We used the TactiCath™ Quartz Contact Force Ablation Catheter (Abbott) at 40 ºC with a goal contact force of greater than 10 grams. A spiral mapping catheter was placed in the right pulmonary vein during ablation.  With ablation onset, the tachycardia initially accelerated, but then slowed and terminated within 5 seconds. (Figure 4) The RSPV was not isolated at the time of the termination. (Figure 5) Reinduction was attempted with isoproterenol at 20 mcg/min and with single, double, and triple extrastimuli, without any further sustained atrial arrhythmias. Short runs of atrial fibrillation were induced with triple extrastimuli that were very unorganized and rapid, with fibrillatory cycle length of 130 ms. We elected to proceed with wide-area pulmonary vein isolation, given the degree of scar and potential for atrial fibrillation. (Figure 6) The patient is now 9 months out from ablation, and the implantable loop recorder has shown no recurrent arrhythmias. She is in sinus rhythm, walking again, and has regained a lot of strength off antiarrhythmic drugs.

Discussion

There is much in the literature about pulmonary vein tachycardia.³ This case was interesting for several reasons. Was this truly a pulmonary vein tachycardia with variable tachycardia cycle length secondary to atrial scar, or was this just a rotor driving atrial fibrillation with termination during ablation? The initial rhythm was more consistent with atrial fibrillation and, given the dilated atrium and scar burden, the latter explanation would make more sense. In retrospect, this was likely a rotor that was generating a more organized atrial fibrillation that terminated with ablation. With the advancement of high-density mapping systems allowing for more points and mapping of spiral waves and rotors, this may be increasingly recognized. Narayan has been a driving force of rotor mapping and FIRM (focal impulse and rotor modulation),⁴ which could have been helpful in this case; however, the outcome would likely have been similar. PVI alone would likely have produced the same result without the precedent focal ablation. 

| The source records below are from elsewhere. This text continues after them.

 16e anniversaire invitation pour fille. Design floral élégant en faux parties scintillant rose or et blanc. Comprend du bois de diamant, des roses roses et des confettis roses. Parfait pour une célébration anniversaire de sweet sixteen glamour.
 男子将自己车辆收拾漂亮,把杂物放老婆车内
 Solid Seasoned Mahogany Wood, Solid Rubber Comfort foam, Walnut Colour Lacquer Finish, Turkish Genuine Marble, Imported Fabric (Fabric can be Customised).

1. Kistler PM, Roberts-Thomson KC, Haggani HM, et al. P-wave morphology in focal atrial tachycardia: development of an algorithm to predict the anatomic site of origin. J Am Coll Cardiol. 2006;48(5):1010-1017.
2. Nery PB, Thornhill R, Nair GM, Pena E, Redpath CJ. Scar-based catheter ablation for persistent atrial fibrillation. Curr Opin Cardiol. 2017;32(1):1-9. 

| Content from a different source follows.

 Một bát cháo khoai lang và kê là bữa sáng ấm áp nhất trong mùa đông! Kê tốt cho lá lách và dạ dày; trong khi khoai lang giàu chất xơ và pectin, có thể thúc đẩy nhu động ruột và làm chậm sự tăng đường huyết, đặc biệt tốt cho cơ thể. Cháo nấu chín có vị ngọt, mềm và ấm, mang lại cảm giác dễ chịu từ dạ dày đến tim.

3. Moreira W, Timmermans C, Wellens HJ, Rodriguez LM. Atrial tachycardia originating from the pulmonary vein: importance of the stimulation sites. Tex Heart Inst J. 2008;35(3):356-358. 
4. Narayan SM, Krummen DE, Rappel WJ. Clinical mapping approach to diagnose electrical rotors and focal impulse sources for human atrial fibrillation. J Cardiovasc Electrophysiol. 2012;23(5):447-454.